** Given material follows **

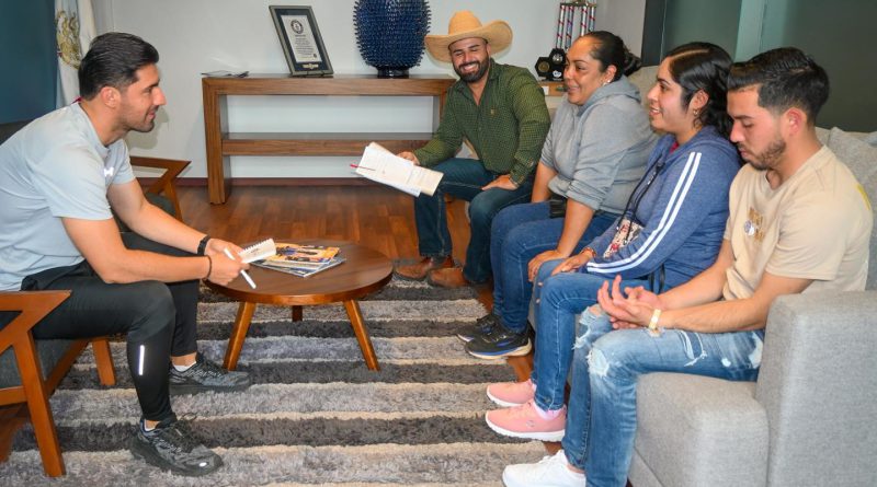 Sahuayo, Michoacán. – En un ambiente de alegría y cercanía con la comunidad, el presidente municipal, Dr. Manuel Gálvez, recibió con entusiasmo la visita de la encargada del orden de El Güirio, acompañada por vecinas y vecinos del lugar, quienes le extendieron la invitación formal a las tradicionales Fiestas Patronales en honor a San Miguel Arcángel, que se celebrarán del 27 al 29 de septiembre.
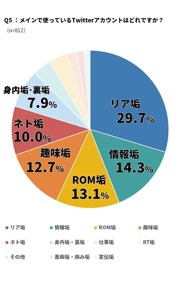 「所有しているアカウントのうち、メインで使っている種類はどれか?」を聞くと、「リア垢」29.7%、「情報垢」14.3%、「ROM垢」13.1%の順となった。リア垢を持っていても、それだけを使うのでなく、目的に応じて複数アカウントを使い分けている実態が垣間見える。
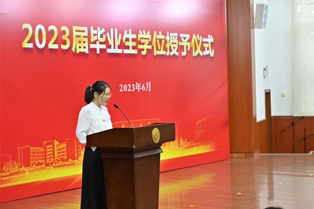 毕业生代表2019级食品质量与安全2班学生林雪熠同学上台发言,她首先代表全体毕业生感谢学院和老师这四年来的悉心教导和精心栽培。她说,时光犹如白驹过隙,四年过往历历在目,2023年盛夏,我们收获了累累硕果,以优异的成绩向四年的大学生活交出了一份满意的答卷。祝愿我们的母校、学院蓬勃发展,再谱华章,祝愿各位领导老师身体健康、工作顺利。
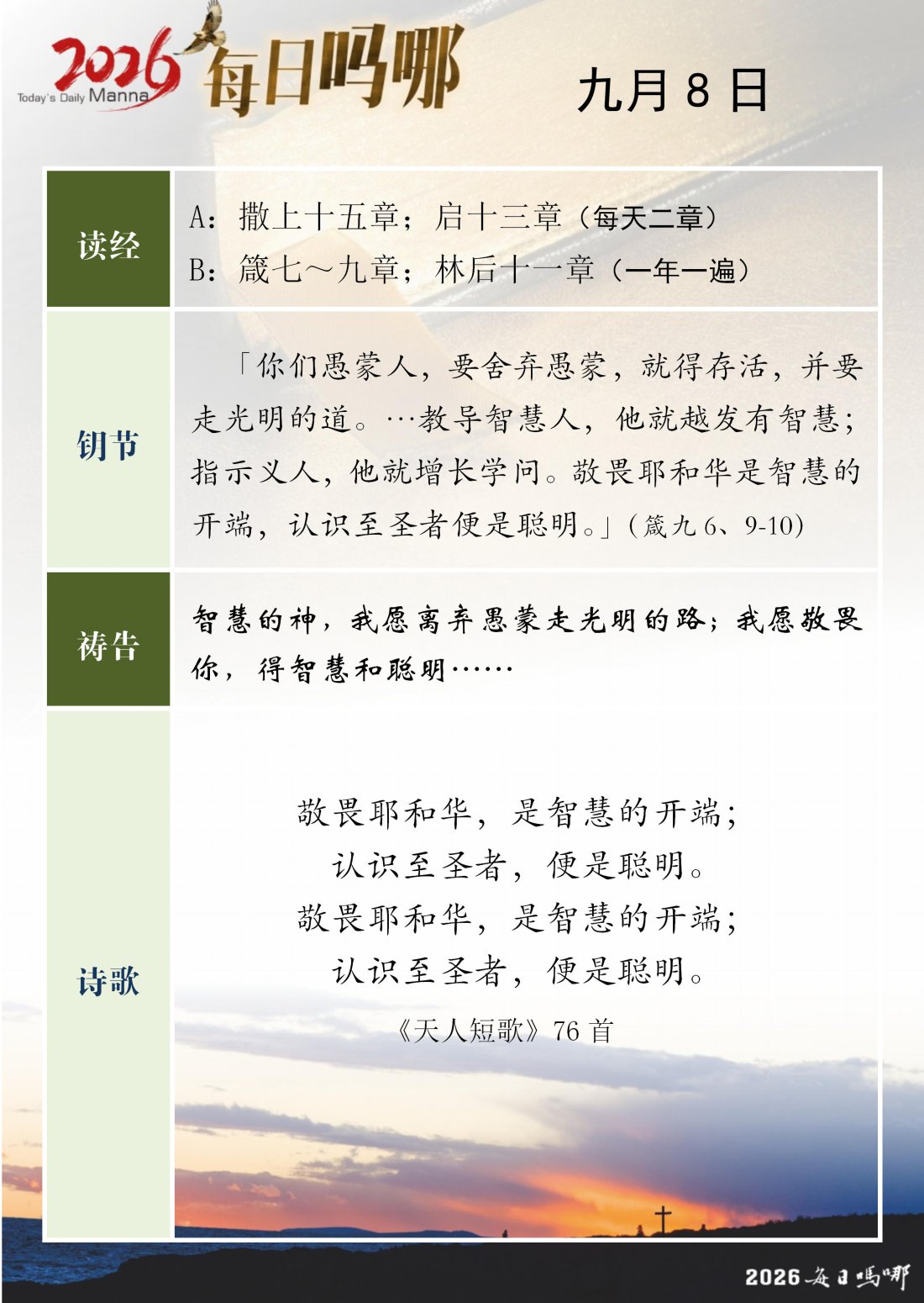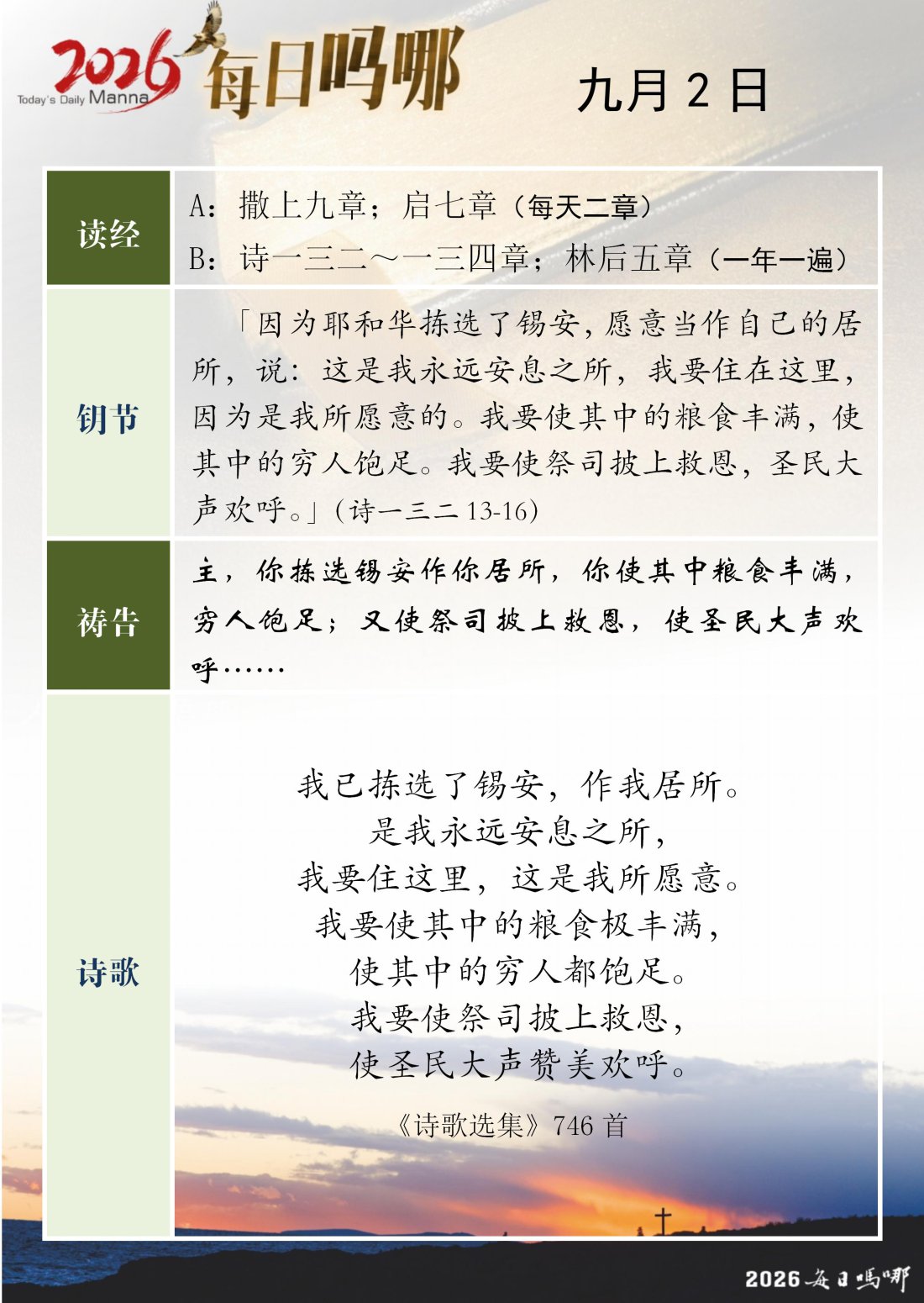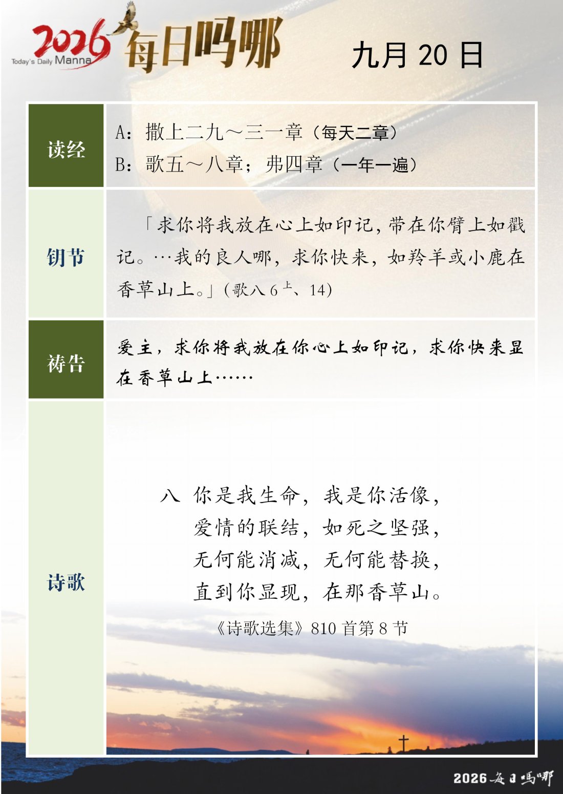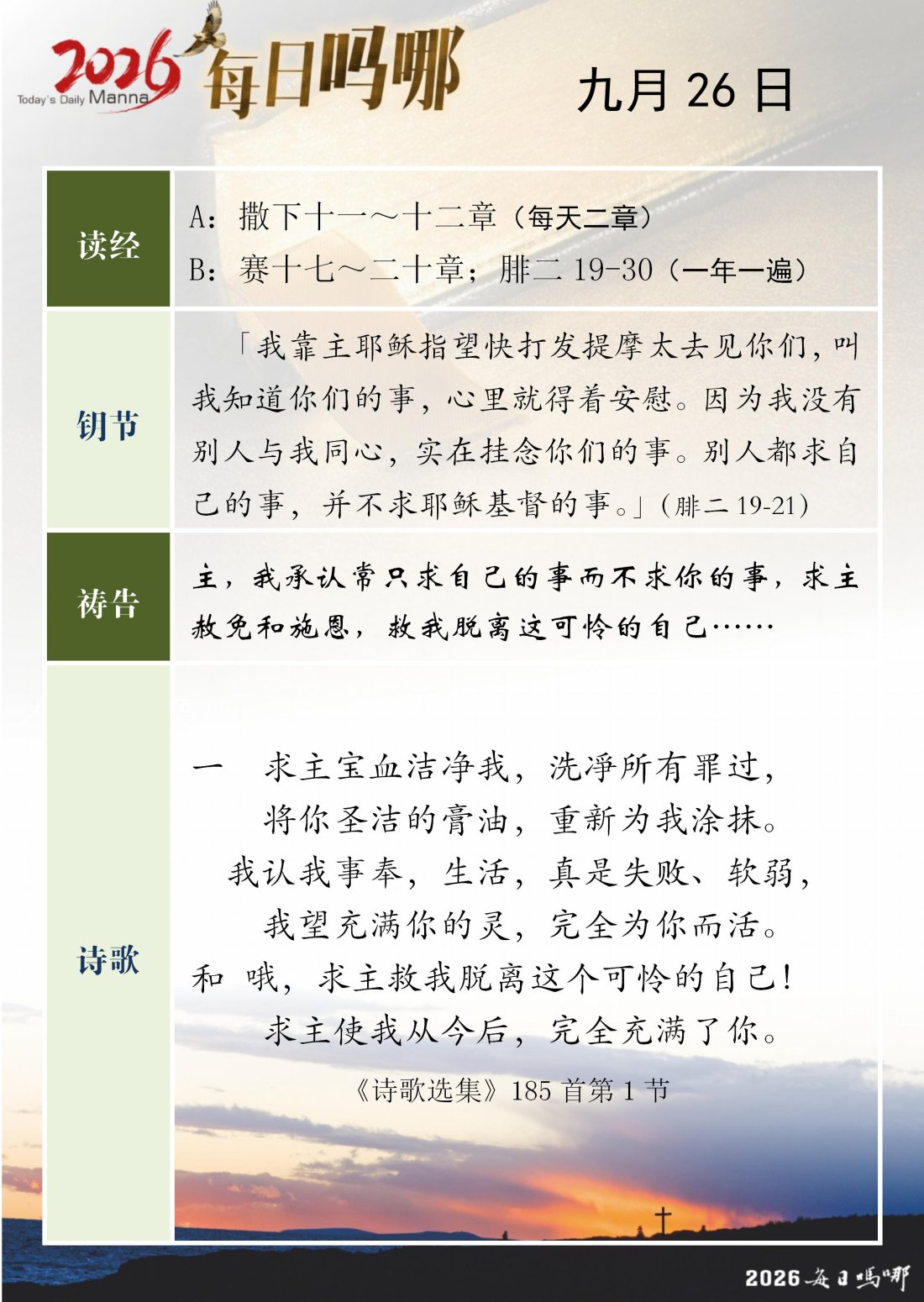 每日吗哪 - 2026 年 9 月版

** End of Given material **

#### What the exercise asks:
Copy out the data verbatim, with no pictures.

#### Your response:
 Sahuayo, Michoacán. – En un ambiente de alegría y cercanía con la comunidad, el presidente municipal, Dr. Manuel Gálvez, recibió con entusiasmo la visita de la encargada del orden de El Güirio, acompañada por vecinas y vecinos del lugar, quienes le extendieron la invitación formal a las tradicionales Fiestas Patronales en honor a San Miguel Arcángel, que se celebrarán del 27 al 29 de septiembre.
 「所有しているアカウントのうち、メインで使っている種類はどれか?」を聞くと、「リア垢」29.7%、「情報垢」14.3%、「ROM垢」13.1%の順となった。リア垢を持っていても、それだけを使うのでなく、目的に応じて複数アカウントを使い分けている実態が垣間見える。
 毕业生代表2019级食品质量与安全2班学生林雪熠同学上台发言,她首先代表全体毕业生感谢学院和老师这四年来的悉心教导和精心栽培。她说,时光犹如白驹过隙,四年过往历历在目,2023年盛夏,我们收获了累累硕果,以优异的成绩向四年的大学生活交出了一份满意的答卷。祝愿我们的母校、学院蓬勃发展,再谱华章,祝愿各位领导老师身体健康、工作顺利。
 每日吗哪 - 2026 年 9 月版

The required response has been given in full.